А если это не друг а начальник или подчиненный?

----------


## Akasey

пофиг

----------


## Irina

Я в щекотливой ситуации всегда стараюсь обходить острые углы. Лучше что-то недосказать чем влепить в лоб и вызвать этим самым скандал или вражду. Даже своим близким я не всегда говорю всё прямо - обидятся, а мне дороги хорошие отношения.

----------


## Akasey

> ...Лучше что-то недосказать...


 и потом жалеть?

----------


## Irina

Я никогда не жалею о том, что сделала. Да и о том что не сделала - тоже. Сделать всегда успеется.

----------


## Asteriks

Не понимаю людей, которые гордятся тем, что "режут правду-матку" в лоб. Может быть, им самим это нужно, но не  окружающим. И считаю неправильным, что ВСЕГДА "лучше горькая правда, чем сладкая ложь". Ложь не лучше, лучше незнание. В жизни стараюсь не лгать, но иногда лучше промолчать, не сказать правду. Разные ситуации бывают.

----------


## HARON

Все дело в том как ты сам относишься к тому что нужно сказать.Если считаешь что сказать НУЖНО--говори! Если можно и не говорить--т.е. это  не очень важно--то твоё дело!

----------


## Asteriks

> Все дело в том как ты сам относишься к тому что нужно сказать. Если считаешь что сказать НУЖНО--говори! Если можно и не говорить--т.е. это  не очень важно--то твоё дело!

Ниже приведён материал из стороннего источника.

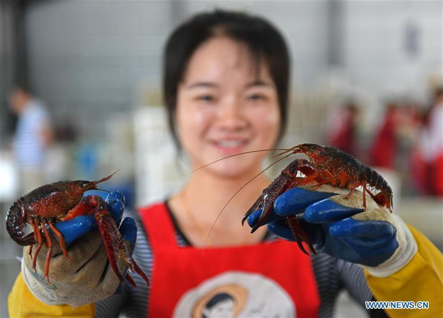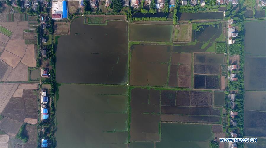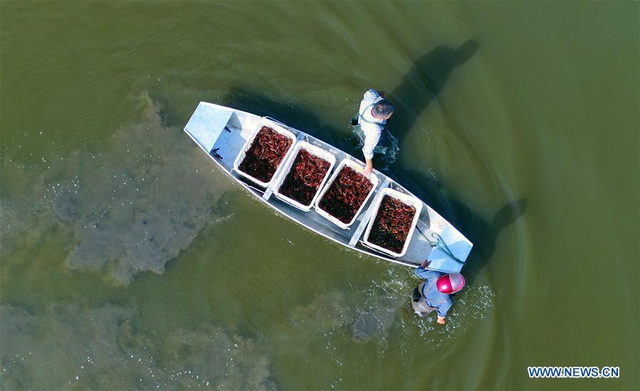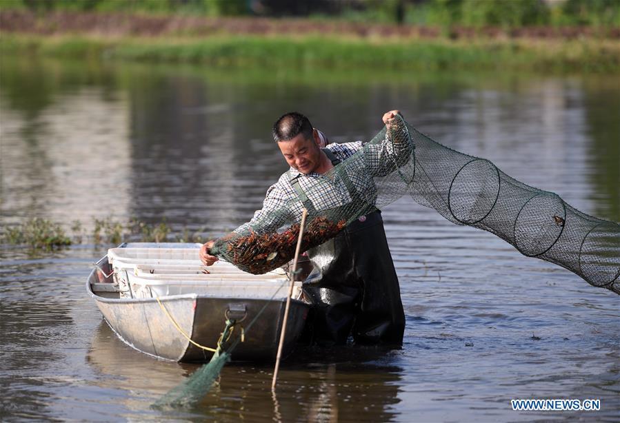 Farmers collect crayfish raised in paddy field in Dongting Lake area of Nanxian County, central China's Hunan Province, June 7, 2017. (Xinhua/Li Ga)

Ты прав и не прав. Считаешь важным - говори. Вроде верно. А как скажется это на том, кому предназначена твоя правда? 
Порассуждаем. Правда может быть за "правое дело" - тут не всякий осмелиться начальству или кому-то важному боссу правду рубануть, кто-то спрячется за спину других правдолюбов. Потому что правду не любят и она наказуема.
А правда в приватной жизни? Оберегая близких, правду иногда лучше не говорить. У меня не всегда получается. И считаю это плохой чертой. Не могу в себе держать эту самую правду, не умею быть хранилищем без выхода. Правда, детские тайны от их отца скрываю неплохо.)

----------


## BiZ111

Всегда был тактичным. Будь то телефонный звонок в 4 утра, всегда собирался, одевался, советовал-выслушивал-рассказывал, или просьба. Вот такой я добрый, бескорыстный и открытый  Не жалею себя, а стоило бы начать уже

----------


## Irina

> Потому что правду не любят и она наказуема.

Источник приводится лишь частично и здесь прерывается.